Input Text: 'real human' - Response: Predicted Intent: bot_challenge, Confidence Score: 0.9381434014190176
Input Text: 'Hello' - Response: Predicted Intent: greet_smalltalk, Confidence Score: 0.8841901166897334
Input Text: 'See you later' - Response: Predicted Intent: goodbyes_smalltalk, Confidence Score: 0.9990673999736447
Input Text: 'happiness' - Response: NLU fallback: Intent could not be confdently determined
Input Text: 'for sure' - Response: Predicted Intent: affirm_smalltalk, Confidence Score: 0.8062317884484574
Input Text: 'not true' - Response: Predicted Intent: deny_smalltalk, Confidence Score: 0.770831148460746
Input Text: 'weather like' - Response: NLU fallback: Intent could not be confdently determined




A fallback mechanism is implemented to handle cases where the intent classification confidence score falls below a predefined threshold. The `handle_fallback` function defines the logic for the fallback mechanism, returning a predefined message indicating that the intent could not be confidently determined.

The `classify_intent` function takes a text input as an argument, vectorizes the text using the previously defined `vectorizer`, and predicts the intent probabilities using the trained classifier. The maximum probability and corresponding predicted intent are extracted from the probabilities array. If the confidence score (maximum probability) exceeds the threshold of 0.7, the predicted intent and confidence score are returned.
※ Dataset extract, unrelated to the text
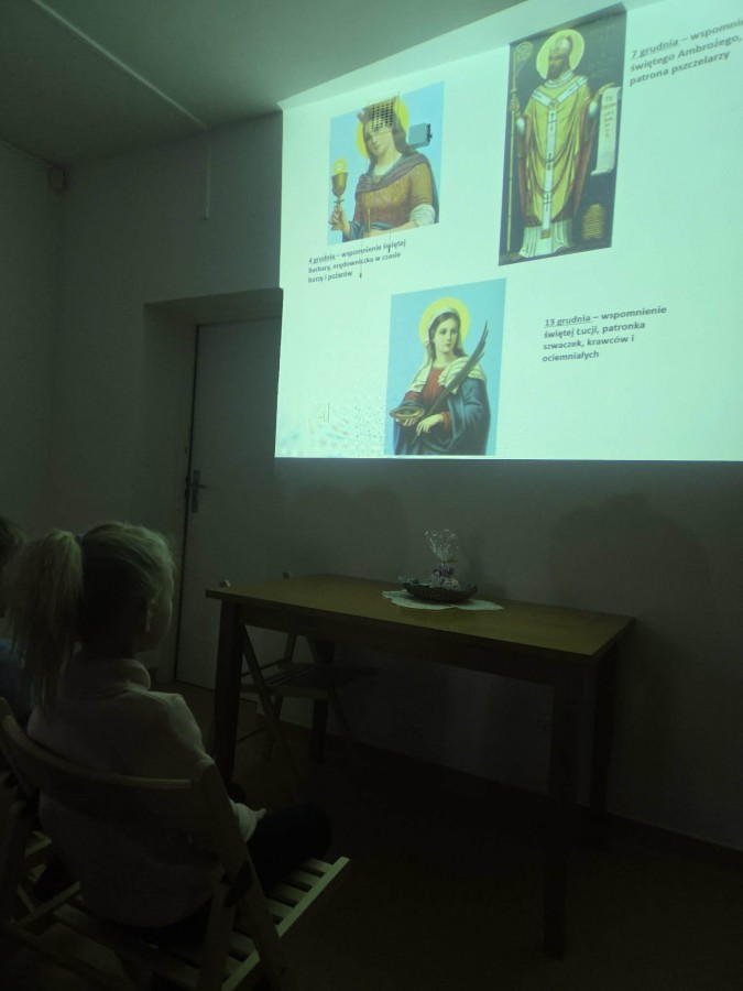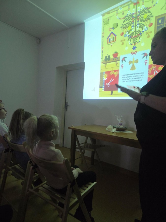 Tuż przed świętami, 19 grudnia, dzieci z naszej grupy były na wycieczce w Oddziale Etnograficznym Muzeum Mazowieckiego w Płocku - Spichlerz. Podczas spotkania przedszkolaki zapoznały się z tradycjami związanymi ze Świętami Bożego Narodzenia regionu Mazowsza. Z zainteresowaniem wysłuchały prelekcji, zadawały pytania, oglądały ręcznie robione ozdoby.

Otherwise, the fallback mechanism is triggered, and the predefined message along with the confidence score is returned.

An example usage demonstrates how to classify intent from an input text. In this example, the input text is "real human". The `classify_intent` function is called to predict the intent and confidence score. If the predicted intent starts with "Fallback", indicating that the confidence score is below the threshold, the `handle_fallback` function is invoked to provide a fallback response. Otherwise, a response containing the predicted intent and confidence score is generated.

The output of the example usage provides insights into how the fallback mechanism is utilized when the confidence score is insufficient for accurate intent classification.